How to Shift Your Focus Into the Present to Manage Fear—Including Your Fear of Falling

Author:Arno IlgnerPublish date:

Molly Mitchell takes the ride on the Roof Wall, Eldorado Canyon, Colorado.

Alton Richardson

Have you ever experienced being above your protection, gripped by hesitation and a fear of falling? Your friends “encourage” you by telling you to “Go for it” or that “You’ve got it.” But part of you knows better: It knows that your fear has meaning; it wants to protect you from danger. So do you listen to your friends and go for it, or do you listen to your fear and back off?

Motivation drives how you climb. It reveals what you value and impacts how you make decisions on the rock—and also informs the consequences of those decisions. For example, if you’re motivated to bypass your fear and avoid falling, then eventually, you’re likely to injure or traumatize yourself. Everyone falls, and if you haven’t learned to fall skillfully, a bad outcome might deepen your fear. This approach reflects a “Get ‘er done” motivation, or more specific to our sport, the old, misguided “Man up and go for it”—you try to move past your fear in order not to have to deal with it anymore. But such all-or-nothing thinking (all = “I send”; nothing = “I call for a take or don’t even try the route because I’m afraid of falling”) shifts your attention out of the present toward some imaginary future when you’ll no longer have to face your fear.
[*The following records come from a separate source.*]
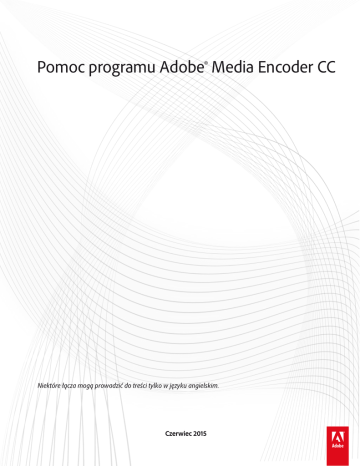 Pomoc programu Adobe® Media Encoder CC Niektóre łącza mogą prowadzić do treści tylko w języku angielskim. Czerwiec 2015 Spis treści Co nowego 1 Podsumowanie nowych funkcji 2 Kodowanie — podstawy i skrócony przewodnik 4 Informacje ogólne o programie Adobe Media Encoder 5 Kodowanie – skrócony przewodnik 10 Korzystanie z przeglądarki ustawień domyślnych 11 Dodawanie elementów do kolejki kodowania i zarządzanie nimi 15 Formaty plików obsługiwanych do importowania 19 Praca z plikami dziennika 22 Informacje o kodowaniu i kompresji wideo i audio 23 Domyślne skróty klawiaturowe 26 Wskazówki dotyczące kompresji 31 Formaty plików obsługiwanych podczas eksportu 32 Preferencje 34 Skróty klawiaturowe 37 Kodowanie i eksportowanie 38 Preferencje i ustawienia synchronizacji 39 Ustawienia eksportu — dane referencyjne 42 Niestandardowe ustawienia domyślne 56 Kodowanie i eksportowanie wideo i dźwięku 58 Zarządzanie bazą danych pamięci podręcznej multimediów 62 Co nowego 1 Podsumowanie nowych funkcji Adobe Media Encoder CC 2015 Nowości i zmiany Efekt Dostrajanie czasu Wyjście Dolby Digital Obsługa JPEG 2000 MXF Ulepszenia interfejsu użytkownika Różne aktualizacje Do góry Efekt Dostrajanie czasu Nowości w programie Adobe Media Encoder CC 2015 | Czerwiec 2015 Efekt Dostrajanie czasu inteligentnie skraca lub wydłuża czas trwania, usuwając klatki w częściach z obrazami nieruchomymi lub małymi zmianami obrazu lub cichymi przejściami. Efekt Dostrajanie czasu można znaleźć i włączyć w ustawieniach eksportu, na zakładce Efekty. Dzięki efektowi Dostrajanie czasu można zmieniać czas trwania materiałów, definiując nowy docelowy czas trwania lub względny czas trwania przez modyfikację procentowej zmiany czasu trwania. Ustawienia efektu Dostrajanie czasu są również dostępne w programie Adobe Premiere Pro. Więcej informacji można znaleźć w dokumencie Efekt Dostrajanie czasu. Do góry Wyjście Dolby Digital Nowości w programie Adobe Media Encoder CC 2015 | Czerwiec 2015 Aktualizacja programu Adobe Media Encoder CC z czerwca 2015 r. pozwala tworzyć materiały z wielokanałowym audio Dolby Digital i Dolby Digital Plus na duży ekran, do kin domowych i Internetu. Dolby Digital i Dolby Digital Plus to oferujące wysoką jakość, powszechne formaty, które przy korzystaniu ze zgodnego dekodera pozwalają miksować sygnał źródłowy według preferencji użytkownika. Ponadto serwisy YouTube i Vimeo obsługują teraz strumienie Dolby Digital. Więcej informacji można znaleźć w dokumencie Ustawienia eksportu — dane referencyjne. Do góry Obsługa JPEG 2000 MXF Poprawione w programie Adobe Media Encoder CC 2015 | Czerwiec 2015 Obecnie można dostarczać zawartość JPEG 2000 opakowaną w kontener MXF do transmisji i innych obiegów pracy wymagających tego formatu. JPEG 2000 jest wizualnie bezstratnym kodekiem, który szybko wyłania się jako standard branżowy, a także jest wyznaczonym formatem wideo dla pakietów IMF. Więcej informacji można znaleźć w dokumencie Ustawienia eksportu — dane referencyjne. 2 Do góry Ulepszenia interfejsu użytkownika Poprawione w programie Adobe Media Encoder CC 2015 | Czerwiec 2015 Jasność podświetleń można dostosować w interfejsie użytkownika, a ustawienia użytkownika można szybko znaleźć w dobrze znanym układzie panelu Preferencje. Więcej informacji można znaleźć w dokumencie Preferencje. Do góry Różne aktualizacje Poprawione w programie Adobe Media Encoder CC 2015 | Czerwiec 2015 Nowy rozdział kanałów QuickTime pozwala oszczędzić czas i usprawnić renderowanie, eksportując wiele konfiguracji wyjścia audio w tym samym pliku QuickTime, m.in. stereo i układ kanałów 5.1. Program Media Encoder otrzymał także udoskonalony dekoder ProRes (tylko komputery Mac). Ulepszone publikowanie Creative Cloud ułatwia renderowanie zawartości do folderu Creative Cloud, w tym niedomyślnych folderów. Funkcja QuickTime Rewrap pozwala łatwo transkodować materiał źródłowy opakowany w kontener MXF na format QuickTime. Dzięki nowej opcji Ustaw kod czasowy początku można łatwo przypisać niestandardowy kod czasowy początku w eksportowanych plikach. Posty z serwisów Twitter™ i Facebook nie są objęte licencją Creative Commons. Informacje prawne | Zasady prywatności online 3 Kodowanie — podstawy i skrócony przewodnik 4 Informacje ogólne o programie Adobe Media Encoder Pierwsze kroki z programem Adobe Media Encoder Przestrzenie robocze programu Adobe Media Encoder Adobe Media Encoder pełni funkcję silnika kodującego dla programów Adobe Premiere Pro, Adobe After Effects i Adobe Prelude. Można także korzystać z programu Adobe Media Encoder jako samodzielnego kodera. Aby zapoznać się z ogólnymi informacjami dotyczącymi korzystania z wszystkich funkcji Adobe Media Encoder, obejrzyj wideo autorstwa Jana Ozera. Do góry Pierwsze kroki z programem Adobe Media Encoder Korzystając z programu Adobe Media Encoder możesz wyeksportować wideo na strony obsługujące udostępnianie wideo, takie jak YouTube i Vimeo, a także do urządzeń, począwszy od profesjonalnych magnetowidów po odtwarzacze DVD, telefony komórkowe i telewizory HD. Dodatkowe zasoby Obieg pracy i informacje ogólne na temat eksportowania wideo oraz audio z programu Premiere Pro przy użyciu programu Adobe Media Encoder Nakładanie efektów z pomocą programu Adobe Media Encoder Eksportowanie podpisów zamkniętych z programu Premiere Pro do programu Adobe Media Encoder Przeczytaj ten wpis na blogu poświęcony aplikacjom wideo firmy Adobe, który zawiera materiał filmowy prezentujący funkcję Publikowanie w lokalizacjach programu Adobe Media Encoder Do góry Przestrzenie robocze programu Adobe Media Encoder Program Adobe Media Encoder ma cztery główne panele, które umożliwiają kodowanie plików. Możesz pogrupować panele jako karty w pojedynczej ramce lub rozmieścić je swobodnie jako oddzielne pan
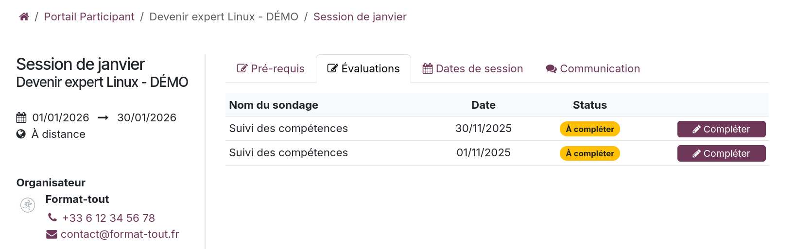 ➡️ L’intégration complète des évaluations : suivi des compétences, pré-requis, questionnaires de satisfaction… Tout est désormais centralisé, automatisé et parfaitement Qualiopi compatible.
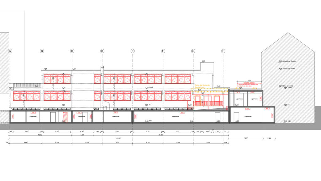 Der Hauptbaukörper hat gem. Baugenehmigung eine rechteckige Grundfläche von etwa 12,00 m x 46,90 m und verfügt über 1 ½ Vollgeschosse, sowie ein Kellergeschoss. Die Fassade ist entsprechend der vorherigen Nutzung funktional gehalten und wurde zwecks optimaler Belichtung der späteren Büros teilweise aufgebrochen und insgesamt aufgefrischt.

However, in rock climbing, since we are almost always trying routes that are new to us—on which we might fall—this dilemma will re-present itself time and time again.

With this thinking, you’ll soon begin to perceive falling as stressful and fear inducing. Stress and fear are uncomfortable states, so we avoid them. However, something seems wrong about being motivated this way, about running away from what is integral to the sport. Instead, we need to approach fear as a teacher that actually helps us understand risk and manage stress. What’s needed is a shift in motivation, which you can accomplish by addressing, in order, the following six questions:

  1. Clarify your goal: Do you “get rid” of fear or embrace falling as a skill?
  2. Identify when to seek comfort: The future or the present?
  3. Clarify your relationship with stress and fear: Do you “get rid” of them or honor them as teachers?
  4. Decide how to engage: With all-or-nothing thinking or little steps?
  5. Address your ego: Do you tie your identity to the outcome, or do you separate the two?
  6. Elucidate who makes decisions: Your friends or you?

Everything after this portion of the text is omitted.